Après un exil parisien pour travailler dans la finance, Franck Charlier, Rémois de naissance, est revenu dans la capitale champenoise avec un désir secret : reprendre un commerce. Récit d’une acquisition minutieusement préparée.
Par Sophie MENSIOR -  
Le 17/09/07
Même s’il aimait passer du temps dans l’épicerie de sa tante, c’est vers les métiers de la finance que Franck s’oriente après avoir obtenu son diplôme « sup de co ». Cette nouvelle “passion” l’amène à quitter sa Champagne natale, à 24 ans, pour rejoindre les grandes banques parisiennes. Il y apprend, notamment, à se servir des outils de gestion : “J’avais déjà à l’esprit de créer mon entreprise à 35 ans, reconnaît-il. Je savais donc que cet apprentissage serait important pour la suite de ma carrière.
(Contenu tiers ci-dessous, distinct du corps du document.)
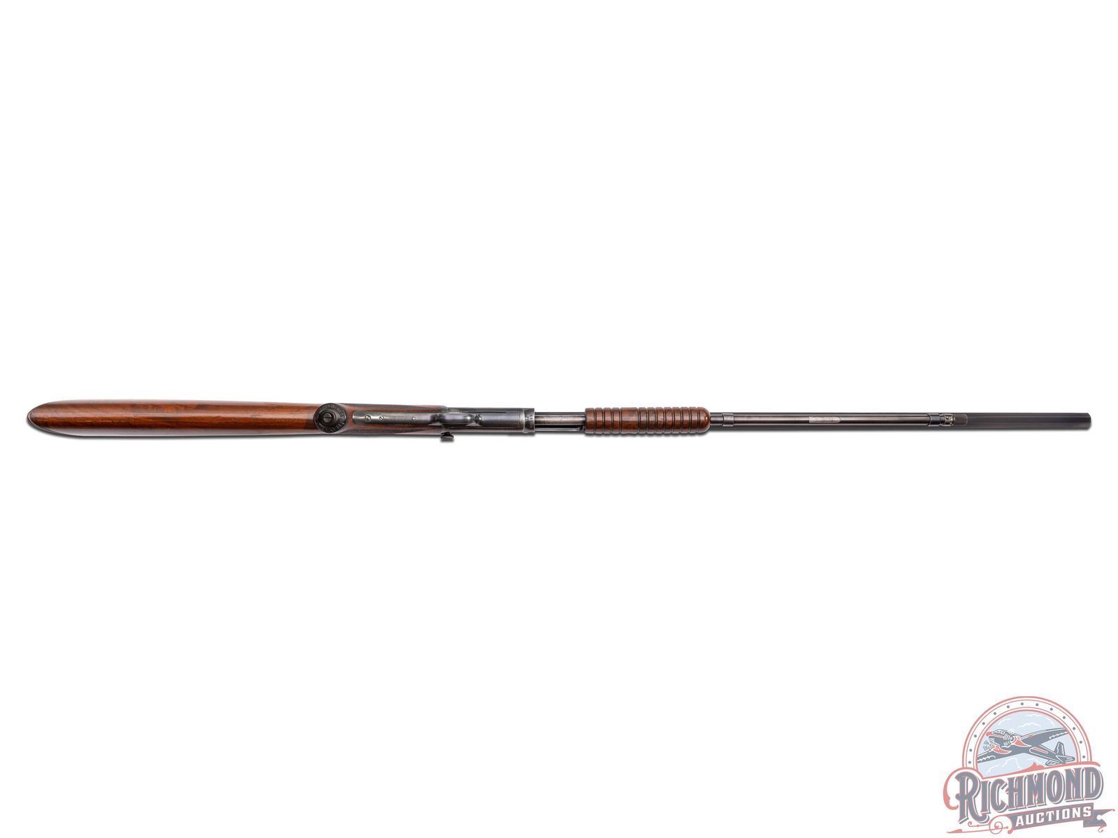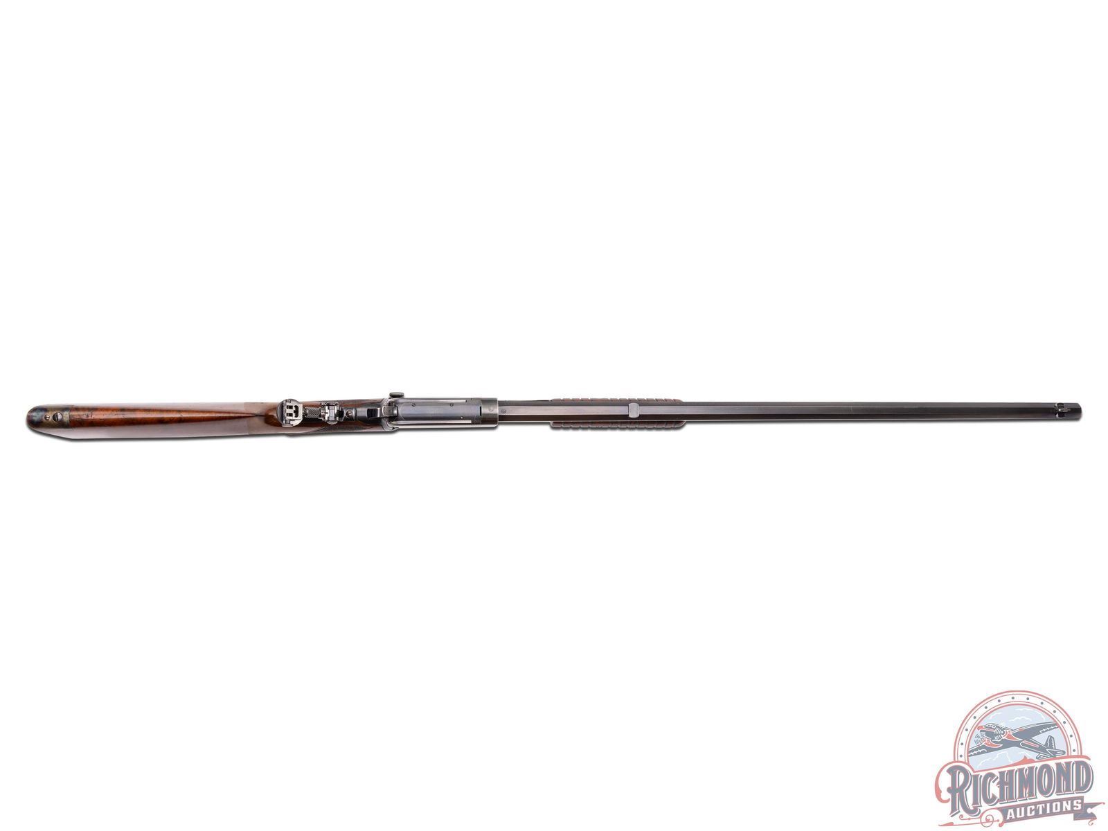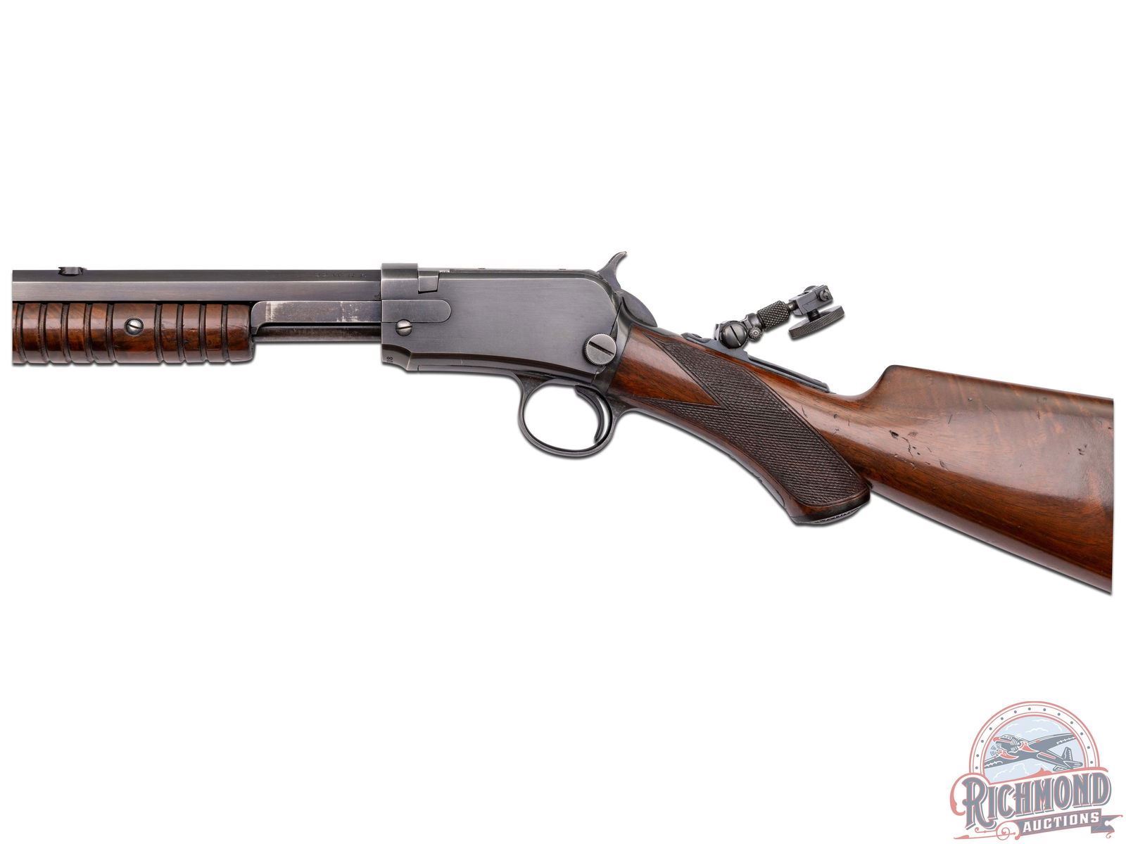 Manufactured in 1910. Features a 24" octagon barrel with a tang mounted Lyman peep sight and blade front sight with nickel bead. Barrel is stamped with the two line Winchester address on the left side flat. Caliber "22 W.R.F." stamped near the receiver as well as Winchester proof marks on barrel and receiver. Matching serial number stamped under the receiver and rear of trigger guard. Nicely figured walnut deluxe wood stock with hand-checkered pistol grip fitted with a factory Winchester pistol grip cap. Crescent case colored butt plate with brass gate and includes field cleaning rods. Twelve line ribbed walnut foregrip / slide. Deluxe 1890 models are hard to come by in this great of condition! CALIBER: 22 WRF. S/N: 445608. FFL STATUS: Curio & Relic.

Mais lorsqu’il décide de retourner à Reims, il se heurte à une réalité professionnelle frustrante : un retour en province, oui ! mais pour faire quoi ? “Je savais que je n’avais aucune chance de quitter la Capitale dans le cadre de mon travail, confirme-t-il. Heureusement, la société qui m’employait a décidé de transférer sa salle de marché en Allemagne. J’ai donc pu négocier un licenciement.”

De retour en Champagne, Franck sait que son avenir s’inscrit dans le commerce et prospecte dans deux directions, la librairie et la décoration. Rapidement, il penche pour la seconde option : “La librairie, qui requiert un gros investissement financier, était de plus trop intellectuelle à mon goût. En outre, le marché n’est pas très florissant, justifie-t-il. J’ai senti, en revanche, qu’il y avait une place à prendre dans la décoration, qui faisait partie de mes centres d’intérêts à Paris.”Méticuleux, il entreprend alors une analyse sectorielle poussée, puis suit une formation AFPA sur la création et la gestion d’entreprise. Le processus de maturation va durer presque deux ans. Une fois convaincu de posséder une bonne connaissance du marché, il se met à chercher un local mais les premières prospections ne sont guère concluantes : “Je m’étais fixé un budget de 100 000 euros avec une présence impérative dans l’hypercentre, précise-t-il. Je n’avais en tête que l’emplacement…”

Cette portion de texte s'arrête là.